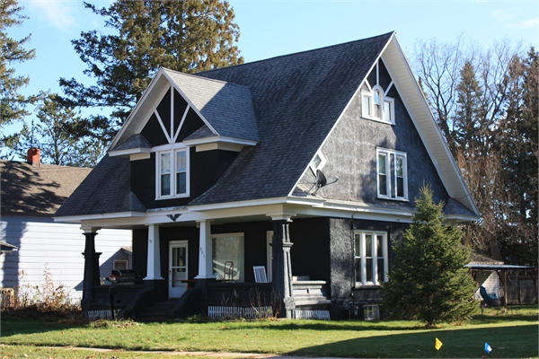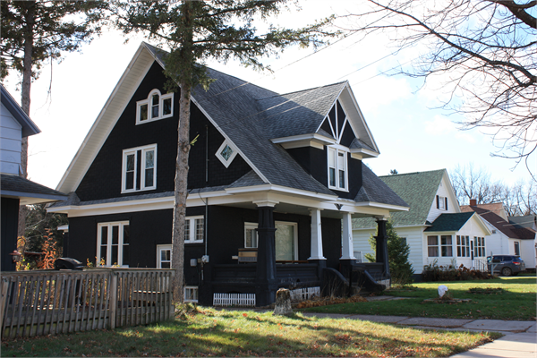 | Additional Information: | 2023: This two and one-half story single-family residence is a large, Craftsman style bungalow constructed circa 1920. It is rectangular in plan with a broad side-gabled roof that features a large front-gabled dormer centered in the north roof slope. The exposed foundation and first story exterior are covered in a highly texture stucco while the second story gable ends are covered in a slightly less textured stucco. The roof is covered in asphalt shingles; the wide eaves have been closed or reclad with aluminum soffit and fascia. The bottom of the gable ends are enclosed with a pent roof, and all gable ends feature pent eave returns. The principal elevation faces north toward 10th Avenue. A full-width open-air porch is recessed below the broad sweeping side-gabled roof. It is supported on tapered columns spanned by paneled knee walls. Poured concrete stairs lined by curvilinear concrete walls provide access to the porch. Below the porch, the primary entrance is offset to the west with a large single-pane in the center and a one-over-one window to the west. The centered dormer features paired one-over-one windows and diagonal stickwork. The side-facing gable ends feature Palladian windows in the third half story. Paired one-over-one windows divided by wide, stucco mullions and diamond single-pane windows are in the second story of each gable end. Banks of three one-over-one windows are in the first-story side elevations. The windows throughout have been with one-over-one vinyl sash windows. |
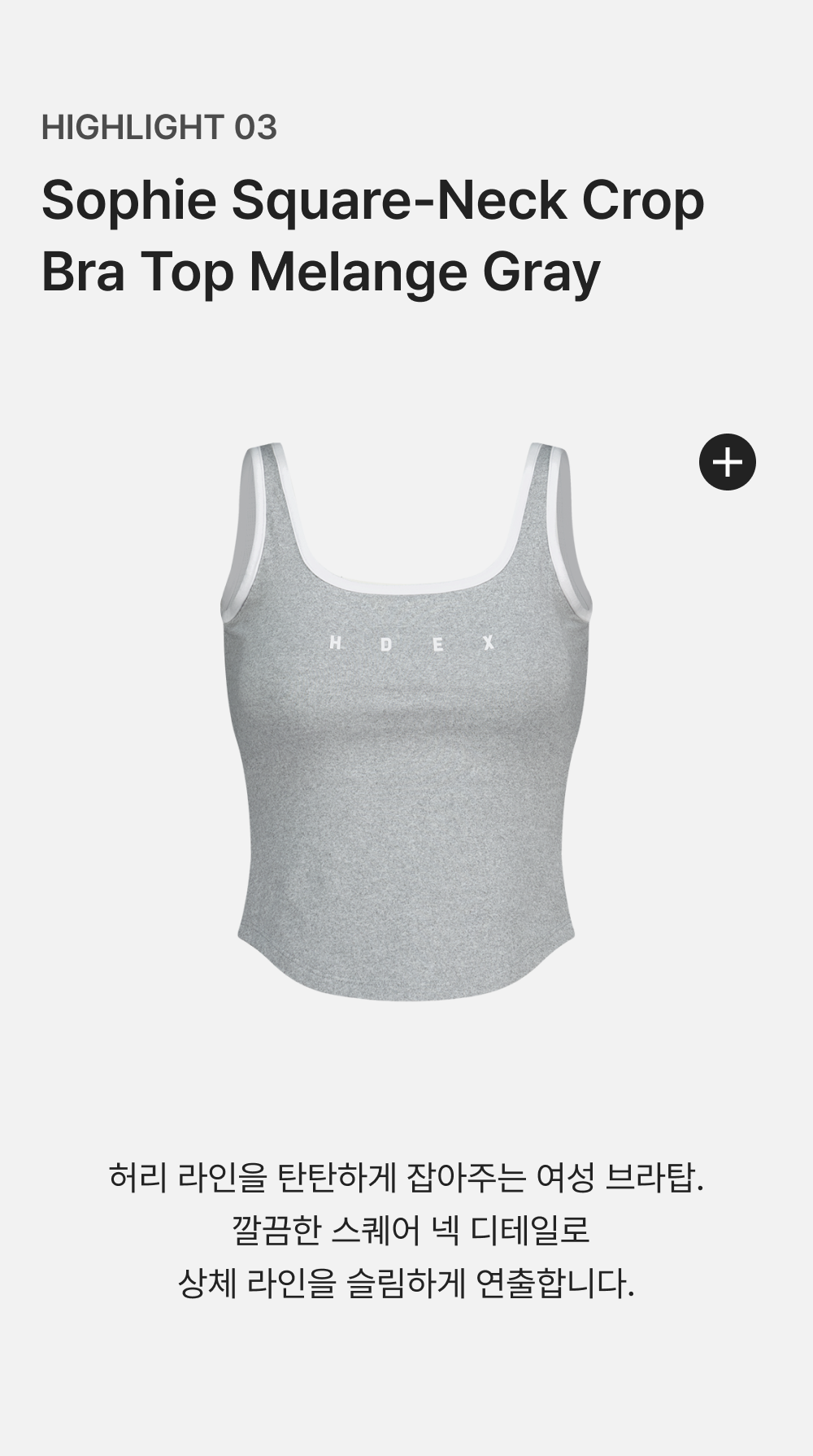 에이치덱스 소피 스퀘어넥 크롭 브라탑 멜란지 그레이
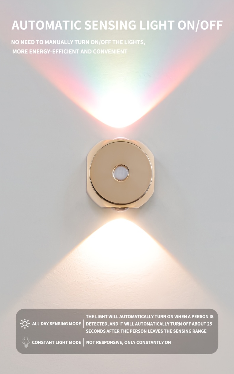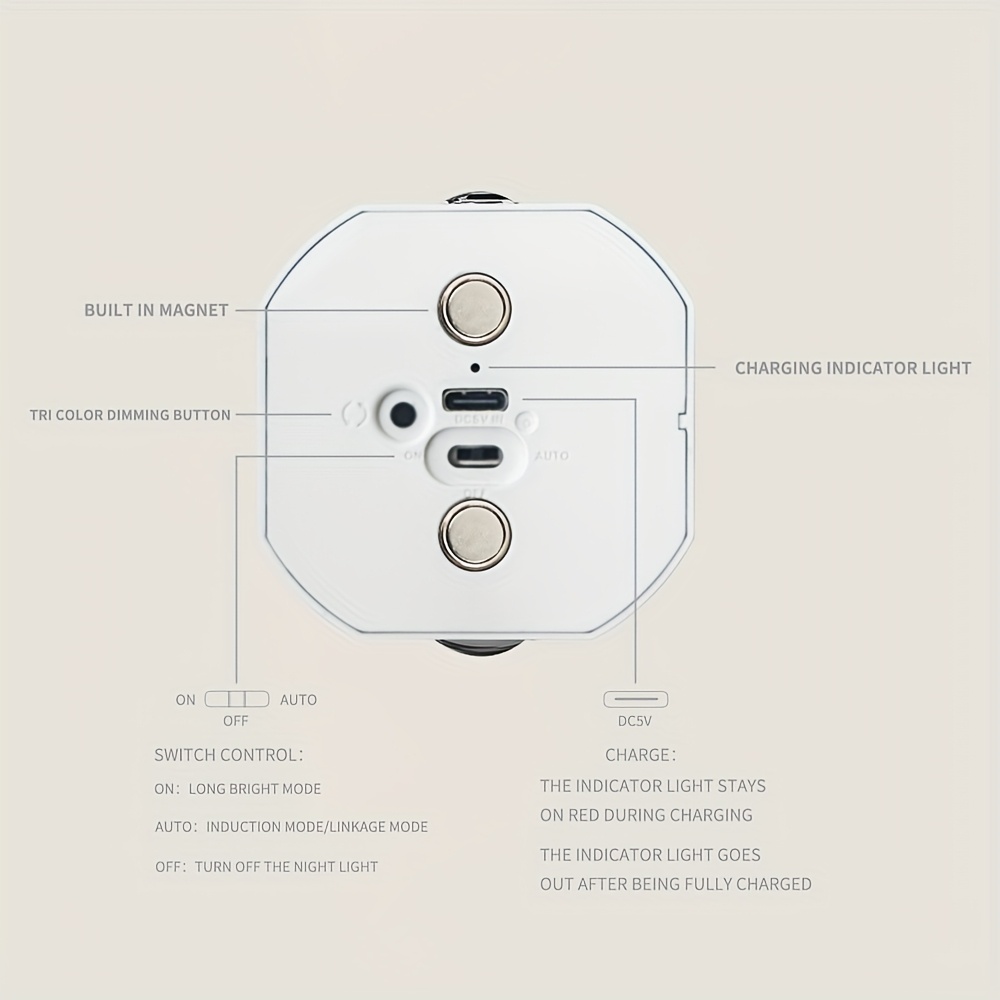 1pc Motion Sensor Light with USB Charging and Adjustable Brightness and Color

---*---

◆ **WORK ORDER**:
Nothing but the pictures may be dropped as you repeat the listing above exactly.

◆ **RESPONSE TO THE EXERCISE**:
 | Additional Information: | 2023: This two and one-half story single-family residence is a large, Craftsman style bungalow constructed circa 1920. It is rectangular in plan with a broad side-gabled roof that features a large front-gabled dormer centered in the north roof slope. The exposed foundation and first story exterior are covered in a highly texture stucco while the second story gable ends are covered in a slightly less textured stucco. The roof is covered in asphalt shingles; the wide eaves have been closed or reclad with aluminum soffit and fascia. The bottom of the gable ends are enclosed with a pent roof, and all gable ends feature pent eave returns. The principal elevation faces north toward 10th Avenue. A full-width open-air porch is recessed below the broad sweeping side-gabled roof. It is supported on tapered columns spanned by paneled knee walls. Poured concrete stairs lined by curvilinear concrete walls provide access to the porch. Below the porch, the primary entrance is offset to the west with a large single-pane in the center and a one-over-one window to the west. The centered dormer features paired one-over-one windows and diagonal stickwork. The side-facing gable ends feature Palladian windows in the third half story. Paired one-over-one windows divided by wide, stucco mullions and diamond single-pane windows are in the second story of each gable end. Banks of three one-over-one windows are in the first-story side elevations. The windows throughout have been with one-over-one vinyl sash windows. |
 에이치덱스 소피 스퀘어넥 크롭 브라탑 멜란지 그레이
 1pc Motion Sensor Light with USB Charging and Adjustable Brightness and Color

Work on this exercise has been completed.